◆ Work instruction ◆
Give the number of lines in the records below that include "Floral", and nothing more.

◆ Records shown ◆
•••••

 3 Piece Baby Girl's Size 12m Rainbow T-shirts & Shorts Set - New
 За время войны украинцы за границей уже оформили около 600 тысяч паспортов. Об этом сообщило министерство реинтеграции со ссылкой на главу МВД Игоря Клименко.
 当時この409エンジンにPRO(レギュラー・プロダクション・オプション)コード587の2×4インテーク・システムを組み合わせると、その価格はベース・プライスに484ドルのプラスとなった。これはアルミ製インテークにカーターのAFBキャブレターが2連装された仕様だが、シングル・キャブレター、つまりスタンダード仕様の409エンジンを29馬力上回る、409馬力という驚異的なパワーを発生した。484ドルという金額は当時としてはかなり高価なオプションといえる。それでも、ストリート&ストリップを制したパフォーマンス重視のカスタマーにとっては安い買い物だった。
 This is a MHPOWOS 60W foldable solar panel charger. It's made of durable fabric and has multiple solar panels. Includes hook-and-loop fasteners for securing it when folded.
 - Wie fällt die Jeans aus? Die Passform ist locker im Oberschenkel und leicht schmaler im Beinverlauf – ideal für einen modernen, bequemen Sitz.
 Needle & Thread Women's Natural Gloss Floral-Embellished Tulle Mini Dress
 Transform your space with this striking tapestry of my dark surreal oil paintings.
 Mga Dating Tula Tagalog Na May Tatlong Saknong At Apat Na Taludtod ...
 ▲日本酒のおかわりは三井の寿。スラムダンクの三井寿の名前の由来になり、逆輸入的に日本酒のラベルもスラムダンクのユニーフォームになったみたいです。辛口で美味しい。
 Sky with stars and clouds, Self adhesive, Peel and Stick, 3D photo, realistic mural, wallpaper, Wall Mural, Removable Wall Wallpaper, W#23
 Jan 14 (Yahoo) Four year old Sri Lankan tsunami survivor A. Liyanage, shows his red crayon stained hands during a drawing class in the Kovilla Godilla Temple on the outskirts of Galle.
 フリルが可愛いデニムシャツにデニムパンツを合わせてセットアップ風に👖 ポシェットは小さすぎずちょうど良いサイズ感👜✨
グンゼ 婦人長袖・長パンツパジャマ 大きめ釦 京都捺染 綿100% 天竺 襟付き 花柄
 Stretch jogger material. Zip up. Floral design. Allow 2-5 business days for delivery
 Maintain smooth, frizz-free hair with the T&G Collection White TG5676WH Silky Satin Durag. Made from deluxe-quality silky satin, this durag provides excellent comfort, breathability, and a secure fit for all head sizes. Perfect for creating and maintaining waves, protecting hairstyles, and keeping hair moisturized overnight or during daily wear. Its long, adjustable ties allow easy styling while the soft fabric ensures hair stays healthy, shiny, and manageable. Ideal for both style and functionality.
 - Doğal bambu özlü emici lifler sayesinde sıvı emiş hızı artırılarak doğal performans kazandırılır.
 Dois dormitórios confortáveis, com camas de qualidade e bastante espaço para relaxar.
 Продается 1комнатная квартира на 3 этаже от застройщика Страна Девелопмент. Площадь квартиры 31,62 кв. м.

•••••

◆ Response to this task ◆
2